А вечером я читал про ибн-Габироля, великого поэта, математика, мистика и теолога, верного ученика Платона, самого близкого мне по духу из еврейских поэтов - за исключением, конечно же, Мандельштама и Целана. Но даже Габироль, писал автор книги, немного боялся одиночества; легенда гласит, что он создал девушку, на которой лежал отблеск небесных сфер. Она была прекрасна тем светом, который не проходит, и цветы в саду Габироля стали цвести даже зимой; но ее тайно увидел халиф и влюбился в нее. Она же оставалась равнодушной к словам халифа, его богатству и темным магическим таинствам его власти. И тогда халиф подумал: все дело в том, что она влюблена в этого сочинителя. Он вызвал к себе Габироля, взглянул на него и начал готовить казнь. "Эта девушка не человек, - ответил Габироль, - точнее, не вполне человек; подумай, разве ее равнодушие к твоей власти не свидетельствует об этом?" Но халиф не поверил ему и продолжал давать приказания палачу. Габироль же подошел к ней и на глазах у халифа разобрал ее на части. Это было легко сделать, потому что с самого начала она состояла из кусков, соединенных его воображением, так же, как мир соединен тонким раствором невидимой веры. Так, по крайней мере, считал автор моей книги. Я же подумал, что так быть не могло; и Габироль не мог ее убить ради того, чтобы спасти себе жизнь. Не все созданное может быть разрушено, он же лишь воплотил образ истины, образ света, образ своей любви. Во-первых, сказал я себе, она уже не была мертва; во-вторых, невозможно разобрать на куски душу человека, которого любишь.
4
Утро было солнечным, но уже прохладным; дыхание осени чувствовалось почти во всем. Накануне я заметил, что герани на балконе соседнего дома поблекли и начали медленно осыпаться. Я встал, вскипятил чайник, стал просматривать заметки, сделанные за два дня до этого; мне показалось, что история семьи моей прабабки, которую я пытался сохранить, не только проглядывает сквозь написанное, но и ускользает; конспективность сказанного, как крупная рыбацкая сеть, позволяла выскользнуть особой атмосфере этого мира, дыханию, душе рассказа, а мои комментарии еще больше запутывали дело. Возможно, что мои попытки посмотреть на происходящее немного сверху, сквозь прозрачный туман легкой иронии и были неуместны, но, с другой стороны, как мне казалось, с самого начала эта история предполагала некий зазор между взглядом и происходящим; более того, может быть, именно в нем и была скрыта ее тайна. В любом случае пора было браться за дело. За последние недели, пока я читал статьи, мои мысли незаметно собрались в единую цепочку; постепенно мне стало ясно, что существующие гипотезы только запутывают ситуацию, создавая никуда не ведущие, иллюзорно обходные пути, и, более того, незаметно прояснились контуры будущего решения. Над ним, разумеется, следовало еще подумать, и я бы даже, пожалуй, сделал это вчера, но утром, на свежую голову, я взялся писать Иннин "таргиль", а вечером, вернувшись домой, улегся на диван с книгой. На самом деле, "таргиль" занял гораздо больше времени, чем я предполагал; чтобы не испортить ей итоговую оценку и избежать еще одного позора, мне приходилось представлять себе ее преподавательницу и постоянно думать о том, какое именно из возможных решений эта девица могла иметь в виду.

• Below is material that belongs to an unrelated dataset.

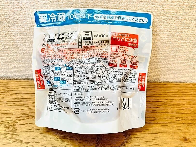 調理方法はレンジでチン、もしくは鍋でボイルです。調理時間が結構違いますね。今回は時短でレンジ調理を選びました。

И вдруг неожиданно решение моей проблемы прояснилось; его контуры, уже обозначенные во внутреннем пространстве моей души, приобрели четкость и неожиданную ясность, и вслед за ними вычертились перспективы его развития; более того, как мне показалось, эта идея позволяла решить целую цепочку проблем, к которым я пока и не собирался подступаться, вытягивая их звено за звеном из хаоса беспорядочных выводов и непроверенных гипотез. Я взял из принтера несколько листов, отнес их к хозяйскому обеденному столу с исцарапанным пластиковым покрытием, стоявшему у другой стены моей "гостиной", и набросал краткий конспект своей идеи. В ней еще, разумеется, были лакуны, но в общих чертах она выглядела цельно и убедительно. Но главным в ней было не это: щемящее чувство новизны, расходящиеся пути, то странное ощущение, которое испытываешь, стоя на перекрестке лесных дорог; и еще меня не отпускало чувство, что я могу заглянуть за линию горизонта, туда, куда эти дороги ведут, как если бы передо мной лежала ожившая карта целой страны, неожиданно ставшей прозрачной, целой области вопросов и проблем, еще не вполне цельной и ясной, но уже объединенной вокруг тонкой ленты моей гипотезы. И вдруг мне отчаянно захотелось, чтобы Инна была рядом со мной; я бы сказал ей: "Смотри, как классно, теперь я уж точно смогу получить постдокторат в штате Айдахо". И я засмеялся.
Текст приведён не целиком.